First guess would be that the squid init script doesn't return OK when
asked to start while already running.


Pamela Rock wrote:

>I have a wierd senario (HB version 1 config) I'm
>hoping someone may provide some help with.  I'm
>testing heartbeat and all but one of my tests work. 

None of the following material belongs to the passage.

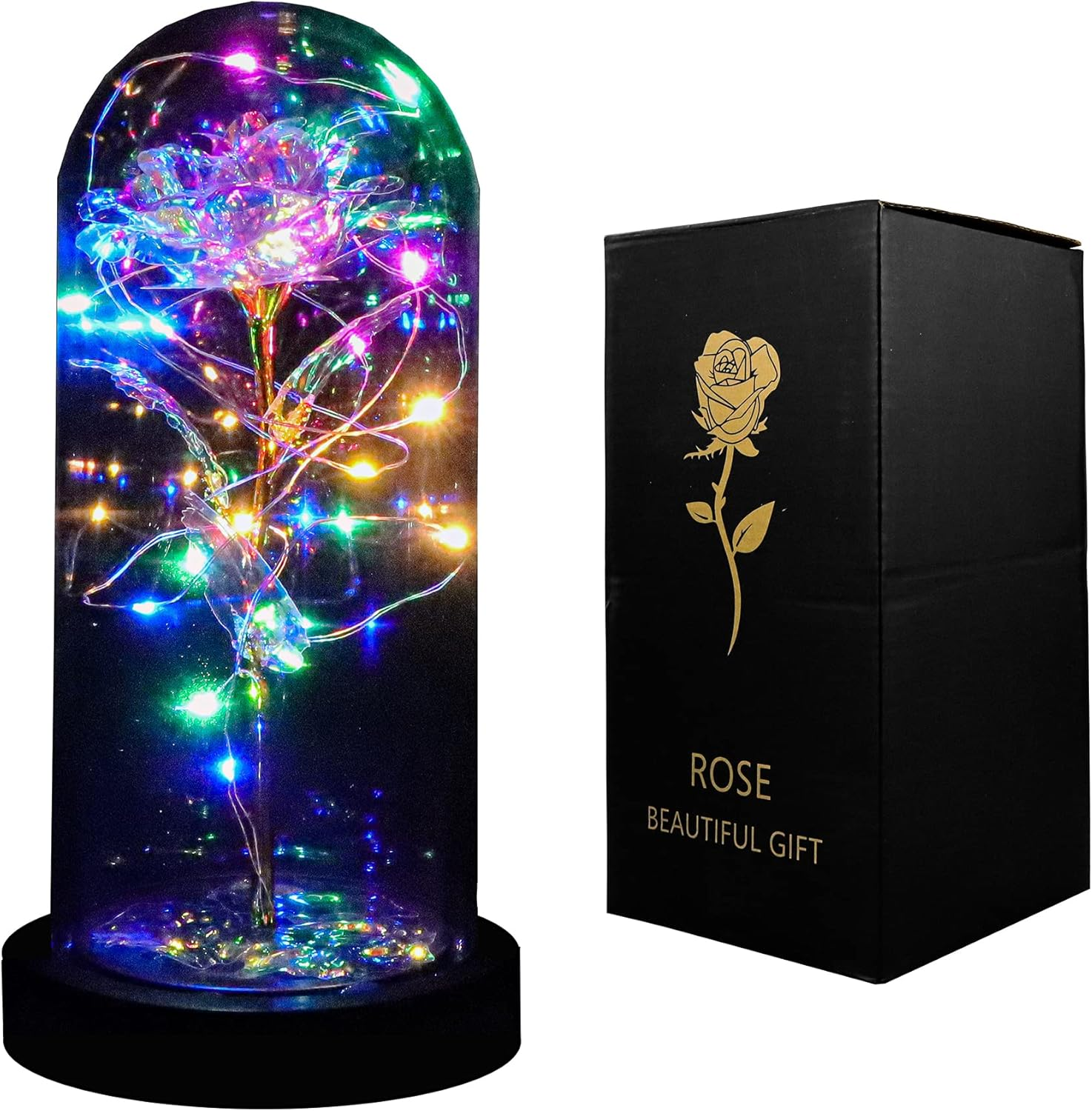 Regalo de flor de rosa artificial arcoíris para ella. La flor de la galaxia se levantó en la bella y la bestia de la cúpula de cristal, para admirar la belleza de la flor de la galaxia desde diferentes ángulos. Los pétalos están incrustados con pequeñas luces LED, simplemente encienda el interruptor de la base y las cálidas luces de colores iluminan toda la cúpula, que se puede utilizar en la decoración de la sala de estar y el dormitorio durante el día y la noche. También puede crear una atmósfera romántica.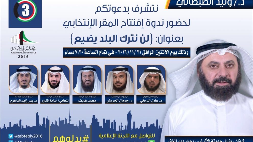 يفتتح مرشح الدائرة الثالثة النائب السابق د.وليد الطبطبائي مقره الانتخابي غداً الإثنين الموافق 21 / 11 / 2016

>The one test that fails is when I bring up the
>seconadary node while the primary is active.  The
>heartbeat will fail.
>
>If both nodes are up and I shutdown the primary, the
>secondary takes over as expected.  If I bring the
>secondary back on line, the primary takes over as
>expected.  If I shutdown the secondary, the primary
>nodes remains operational (again as expected).  But
>after I attempt to bring the secondary node back up,
>heartbeat stops working.  This to means that the
>secondary remains a single point of failure for the
>entire system.
>
>I'm not sure if this is relevent but we are using a
>second NIC for the heartbeat.  My better refuses to
>use the recommended serial cable.
>
>The error in /var/log/ha-log is ERROR: Return code 1
>from /etc/init.d/squid (complete error log below)
>
>(Incidently, Squid works fine by itself (that is, the
>start, stop, and status processes work as expected.)
>
>I hope someone can help.  The following is some info
>regarding my setup and config.
>
>Running RH ES3 with HB version 2.0.2.
>
>The config on the primary (secondary is very similar)
>node is:
>
>haresources: 
>server1 10.15.0.15 squid sfagent_control
>sfserver_control
>
>ha.cf:
>debugfile /var/log/ha-debug
>logfile /var/log/ha-log
>logfacility     local0
>keepalive 2
>deadtime 30
>warntime 10
>initdead 120
>bcast   eth1 
>auto_failback on
>node    server1
>node    server2
>ping 10.15.0.254
>respawn hacluster /usr/lib/heartbeat/ipfail
>
>ha-log on the primary node:
>
>heartbeat[2582]: 2006/02/08_12:43:33 info: Link
>server2:eth1 up.
>heartbeat[2599]: 2006/02/08_12:43:33 info: pid 2599
>locked in memory.
>heartbeat[2600]: 2006/02/08_12:43:33 info: pid 2600
>locked in memory.
>heartbeat[2582]: 2006/02/08_12:43:33 info: Status
>update for node server2: status active
>heartbeat[2582]: 2006/02/08_12:43:33 info: Link
>10.15.0.254:10.15.0.254 up.
>heartbeat[2582]: 2006/02/08_12:43:33 info: Status
>update for node 10.15.0.254: status ping
>heartbeat[2582]: 2006/02/08_12:43:33 info: Local
>status now set to: 'active'
>heartbeat[2582]: 2006/02/08_12:43:33 info: Starting
>child client "/usr/lib/heartbeat/ipfail" (502,502)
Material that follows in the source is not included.